People behave the way they do for two main reasons – they don’t know any other way of behaving or they believe that that behaviour gets the outcomes they want. Managers are likely to come across at least one employee whose behaviour they don’t like, with whom they don’t see eye to eye, or whom they dislike for some other reason. The challenge resides with managers. Are they flexible enough to bring about desired changes in the employee and the relationship? Here are a few considerations…

1. Try to be tolerant.

The fact that you don’t like certain employees should not be allowed to affect the way you relate to them. You have to be tolerant and positive in your attitude toward such people. Try to adopt a relaxed, confident, easygoing style to demonstrate that you are not put off by people who can be hard to get on with.

2. Practise liking people.

Will Rogers adopted the famous line ‘I never met a man I didn’t like’ as his way of getting on with people. Other successful ways include these:

  • Create opportunities to recognise an individual’s achievements.
  • Remember people’s names.
  • Treat all people with respect.
  • Concentrate only on the work context.
  • Focus on the person’s good points; don’t be too critical. Remember Richard Burton’s description of Elizabeth Taylor: ‘Her arms are too fat, her legs are too short, she is too big in the bust, she has an incipient double chin, and she has a slight pot belly’. He still married her – twice.

3. Be flexible about how you respond to the behaviour of others.

If you learn to be flexible in the way you react to difficult people, you’ll learn to live with their unpleasantness. The secret is to choose an appropriate response to particular behaviours. For example:

  • If the person always reacts aggressively, give responsibility and encourage ownership.
  • If the person carries a personal grudge, avoid discussions about pet peeves.
  • If the person never admits being in the wrong, avoid direct criticism, sarcasm, and ridicule. Deal with the problem in private.
  • If the person is argumentative, stay calm and cite hard facts and figures to present an alternative position.
  • If the person is overtalkative, have someone ‘interrupt’ you at a prescribed time, or plead another appointment, or start to move away.
  • Practise tact – the ability to rub out another’s faults instead of rubbing them in.
  • For additional examples and advice, consult ‘How to deal with difficult people’ (Topic 122).

4. Keep your work relationship formal but friendly.

Being formal does not mean avoiding the employee altogether. It means that you confine your interest in that person to work-related matters. In fact, by dealing with the employee in this way, interactions will be kept to a minimum and will not interfere with work outcomes. Let the employee make the first move to discuss any matters not specifically related to the job.

5. Never let a relationship cloud your managerial responsibilities.
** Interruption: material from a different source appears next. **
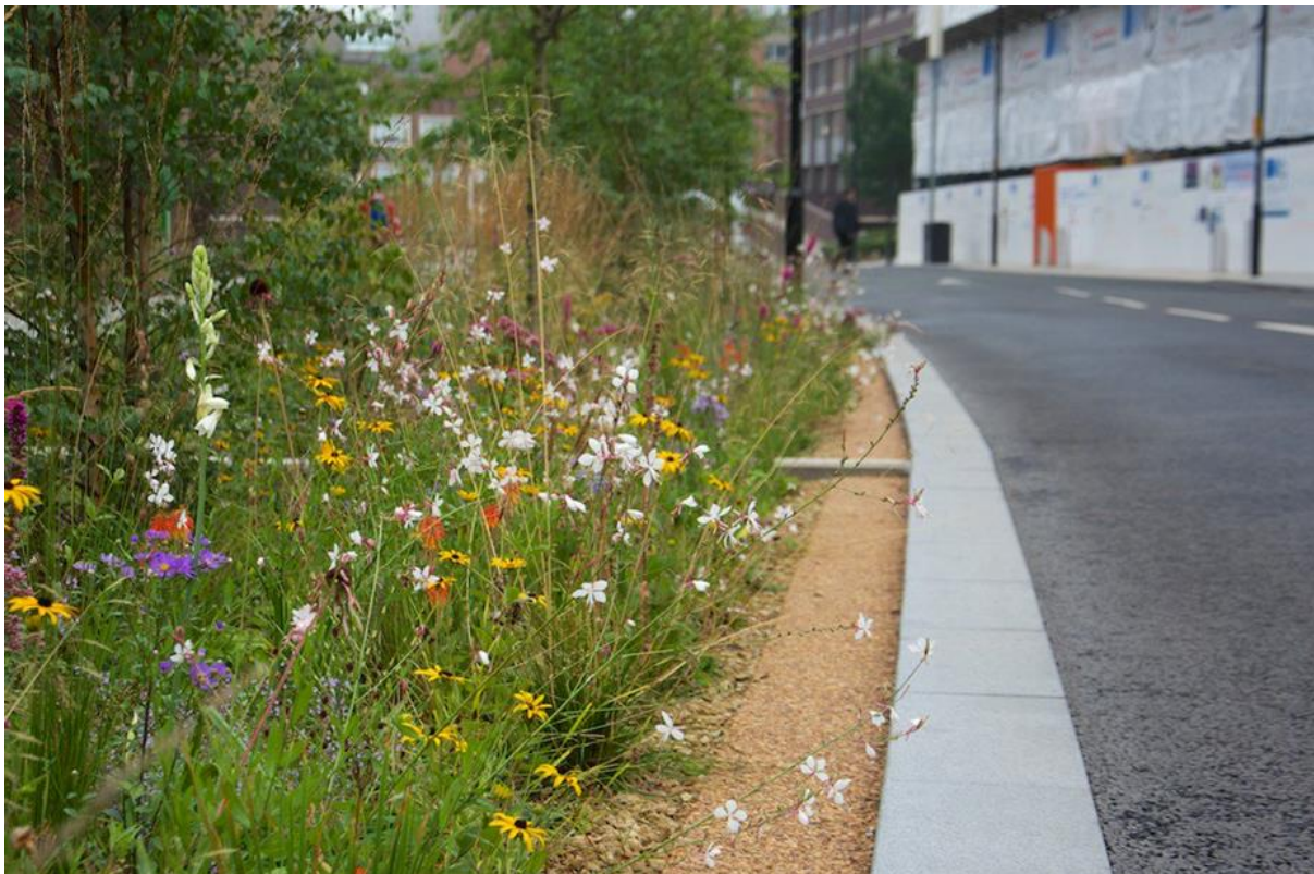
Fig.3 SuDs Cell edge treatment

SuDS principles are used to manage surface water with it being captured, treated at source, controlled and conveyed on or near the surface providing an opportunity for water to be part of the landscape. The scheme manages flows from the new paved pedestrian/cycle surfaces as well as half of the highway (service depths made it difficult to re-profile whole highway). Runoff is collected via simple over edge flush kerbs into a swale running the length of the scheme.

Do not let testy relationships with difficult people inhibit your managerial style. Indeed, you should try extra hard to involve such people by delegating appropriate tasks and inviting them to participate in committees, working parties, and other essential activities. Managers who set out to be liked by everyone all the time are heading for problems – just as those who do not attempt to patch up differences will inherit a similar batch of managerial headaches.

6. Talk to the employee.

Life is too short to get trapped into playing games such as ‘I don’t like you’ or ‘I’m not talking to you’. If there’s a problem with an employee, discuss it maturely and non-threateningly. You will have taken the first step to a possible resolution of any conflict.

7. Make changes.

As a result of talking over the matter with the employee, you may be able to recommend some changes. If you are in the wrong in any way, admit it and resolve to do something about it. If the employee is in the wrong, reach agreement about particular changes to be made. Let the person see that you are eager to operate in a friendlier way than in the past.

8. Develop coping skills.

Your desire to get on with all behavioural types will require that you improve some existing skills and take on new ones. By your actions you will demonstrate your intention to get on with all people – even those you don’t like.